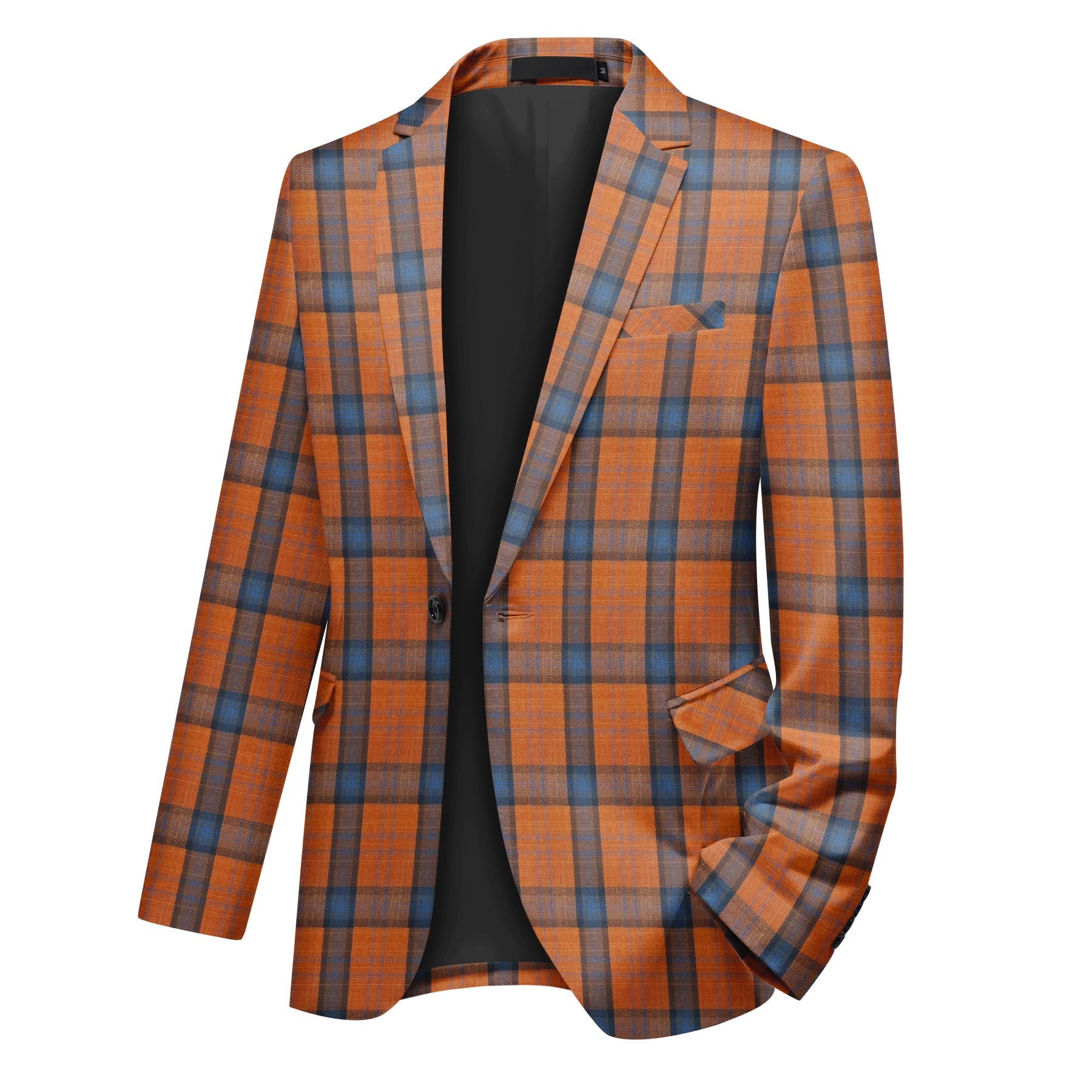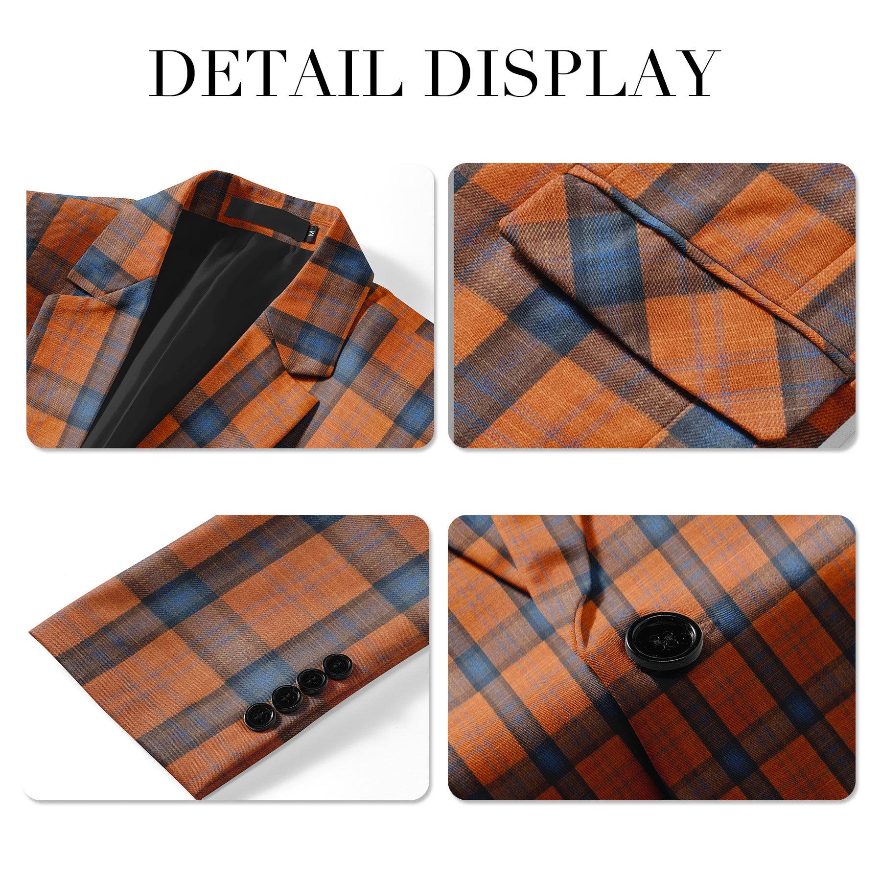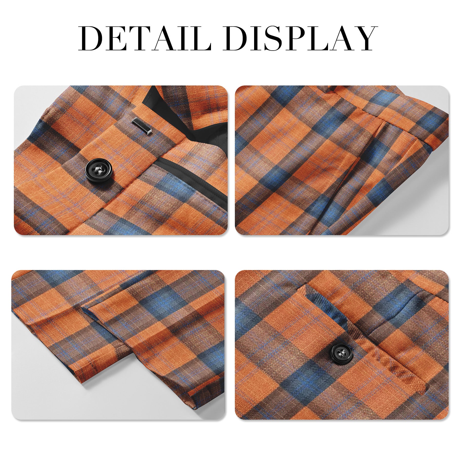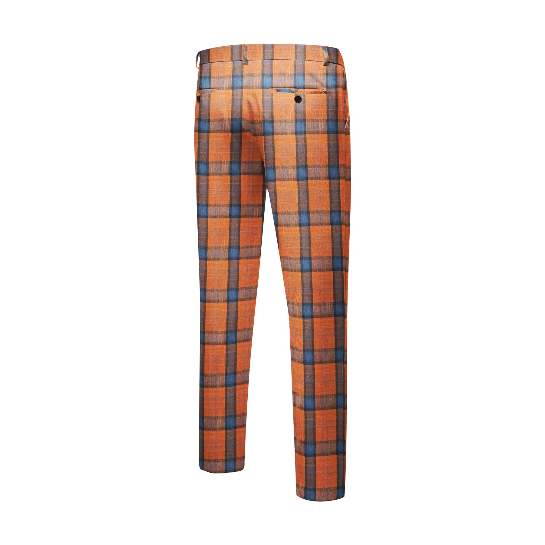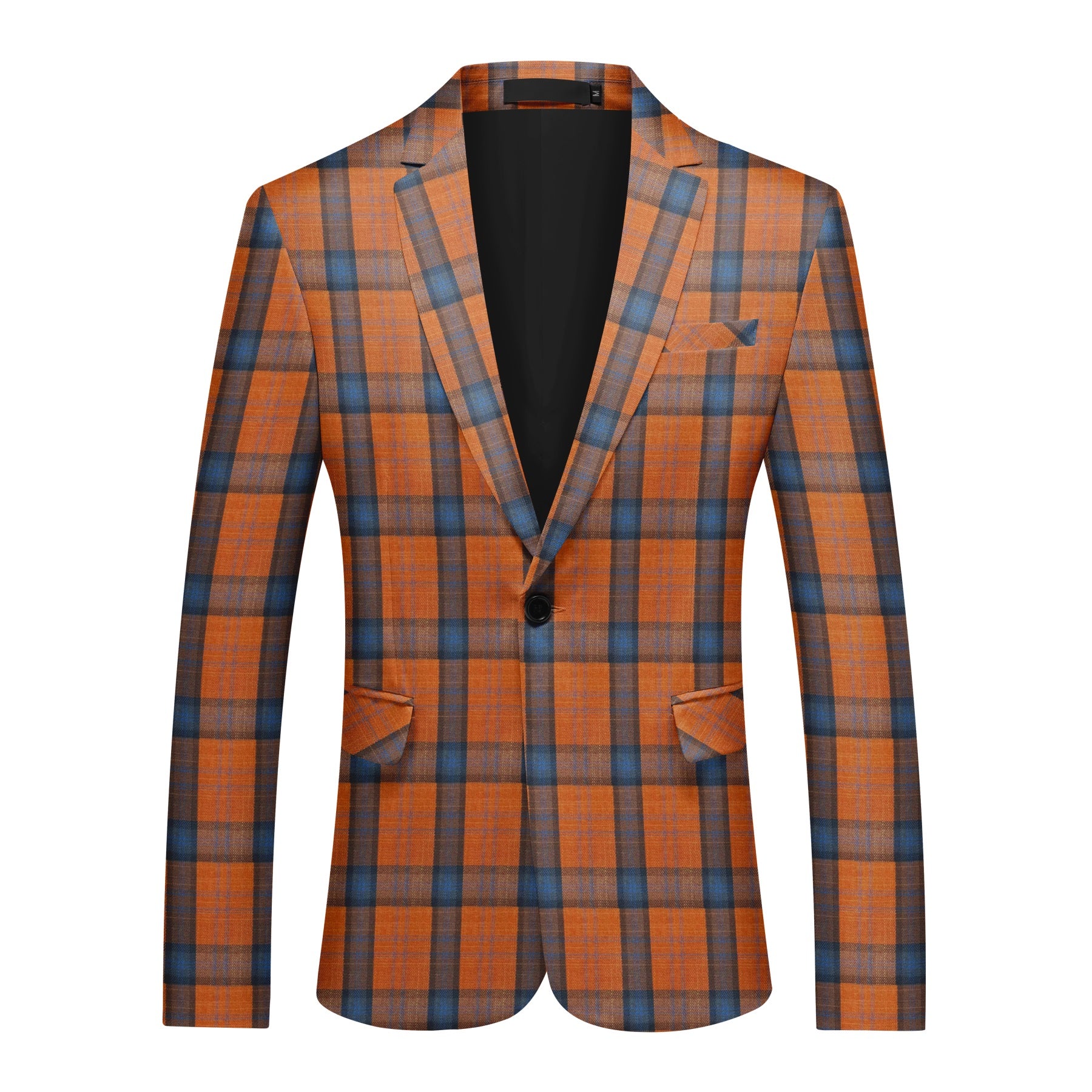 Mens 2 PCS Plaid Suits Slim Formal Suit Checkered Orange
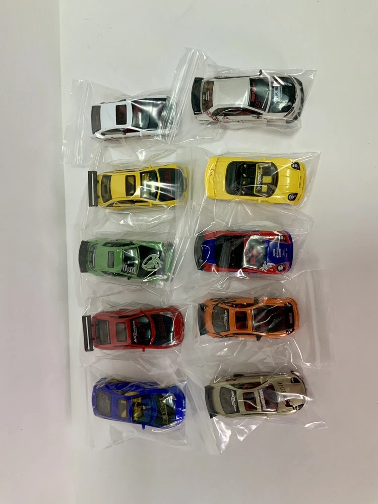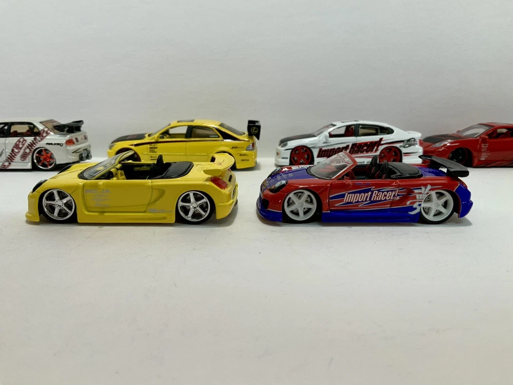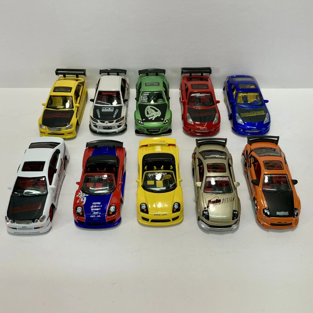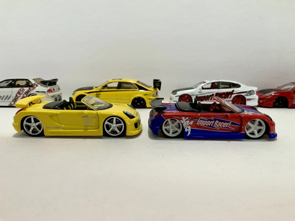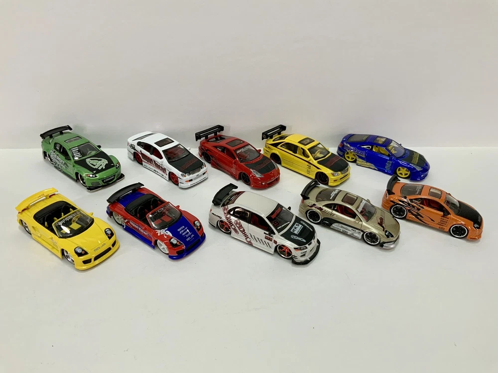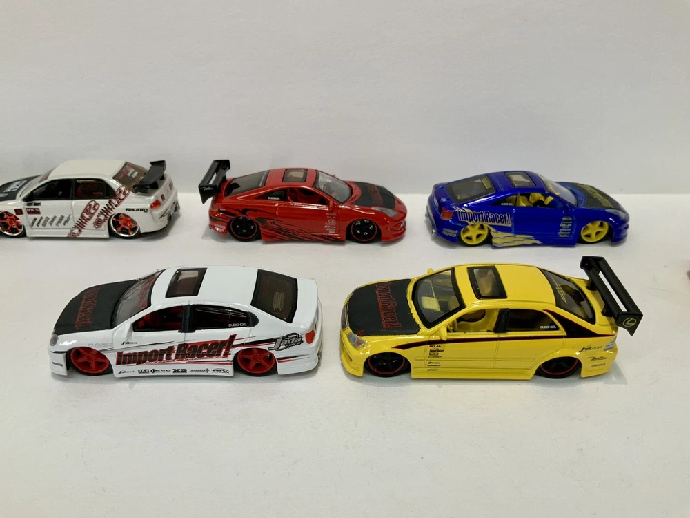 These are part of my personal collection it has been used only as a display in cabinet since it was purchased new 20+ years ago. Cars are in great condition, have never been played with, and comes from a smoke free home. Blue Toyota Celica is missing rear wing and orange eclipse has a crack in rear window. Please inspect pictures before buying. Extra care will be taken for packaging. All cars will be be bagged separately and bubble wrapped.
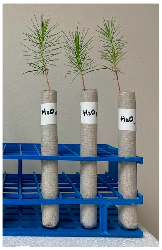 One hundred days post-planting, seedlings (N = 4) of comparable size and morphology were removed from potting medium and rinsed for 30 s in dd H2O to remove soil and expose as much root tissue as possible for the uptake of dsRNA. Seedlings were then transferred to 19 mL autoclaved cylindrical glass assay containers (1.6 cm × 15 cm) (Fisherbrand, Carlsbad, CA, USA) containing 15 mL of sterilized H2O [36]. Seedlings were randomly assigned to dsSHI (n = 2), which received 150 μg of dsSHI mixed into the water (10 μg/mL), while control seedlings (n = 2) received only water. Assay containers were sealed around the seedling stem with parafilm (Bemis Company, Inc, Neenah, WI, USA) to prevent evaporation, and the outer surface was wrapped in opaque brown paper to prevent light penetration to the water solution (Figure 1). Experimental seedlings were returned to the greenhouse following treatment and maintained under ambient conditions.
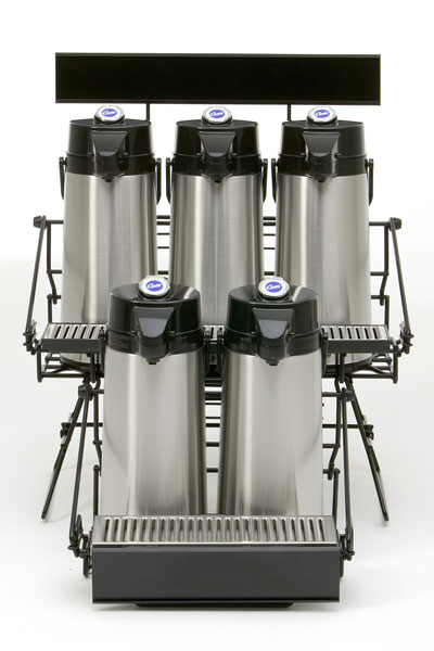 Add Curtis’ Airpot Racks to your airpot program and quickly create remote coffee service centers. Compact design with integral drip tray holder and 3" high merchandising channel. Keep your airpots organized and readily available with the Wilbur Curtis WR5B0000 black five airpot wire rack! This rack is large enough to hold five airpots filled with your most popular coffee, and its durable wire structure makes it conveniently lightweight and easy to clean. And thanks to the included drip tray, you can be sure your countertop will stay clean throughout the day. Available in capacities for any service application.
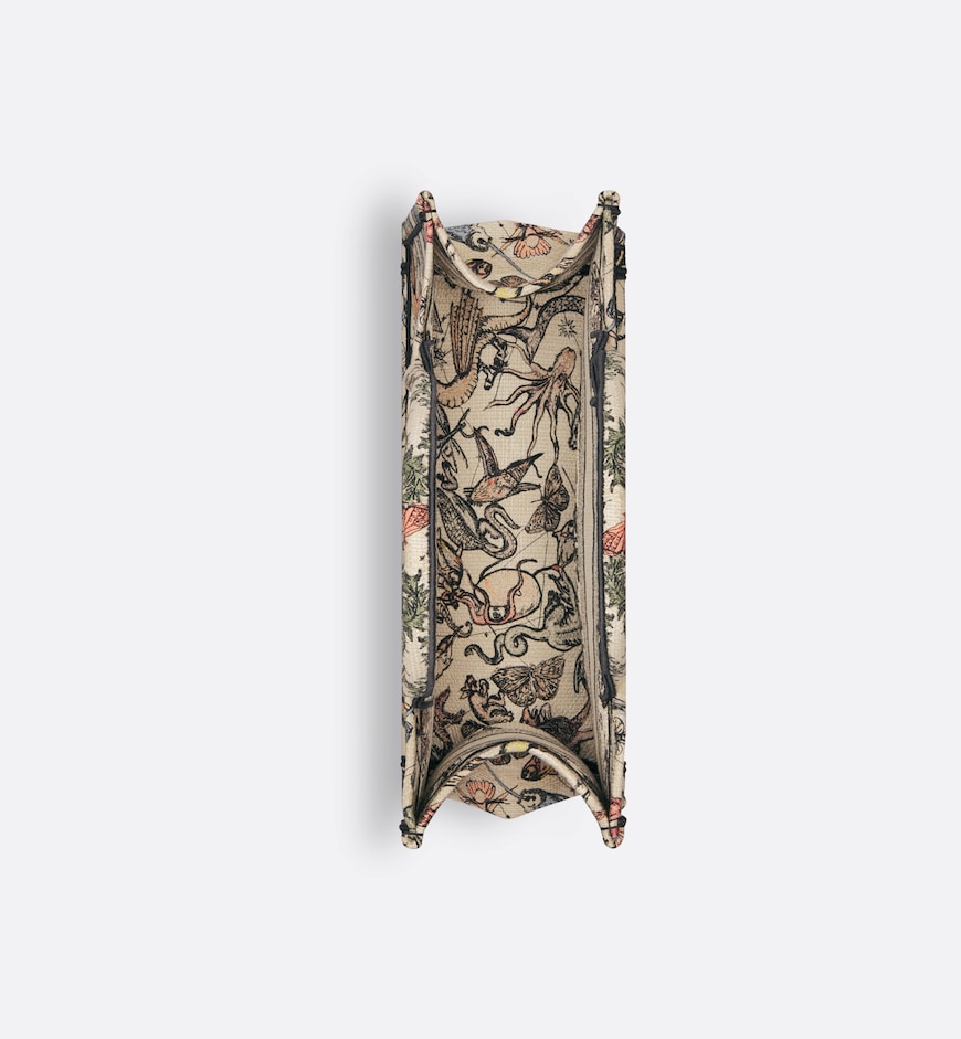 Introduced by Maria Grazia Chiuri, Creative Director of Christian Dior, the Dior Book Tote has become a staple of the Dior aesthetic. Designed to hold all the daily essentials, it is fully embroidered with the white multicolor Animaux Fantastiques motif, showcasing griffins, dragons, unicorns and a myriad of mythical creatures in a fantastical universe inspired by magical animals of the Middle Ages. Adorned with the Christian Dior Paris signature on the front, the medium tote exemplifies the House’s signature savoir-faire and may be carried by hand or worn over the shoulder.

YOUR GOAL » All lines from the start of the entries above through the line containing "These are part" are to be given again exactly; the pictures are not.

SOLUTION BELOW »
 Mens 2 PCS Plaid Suits Slim Formal Suit Checkered Orange
 These are part of my personal collection it has been used only as a display in cabinet since it was purchased new 20+ years ago. Cars are in great condition, have never been played with, and comes from a smoke free home. Blue Toyota Celica is missing rear wing and orange eclipse has a crack in rear window. Please inspect pictures before buying. Extra care will be taken for packaging. All cars will be be bagged separately and bubble wrapped.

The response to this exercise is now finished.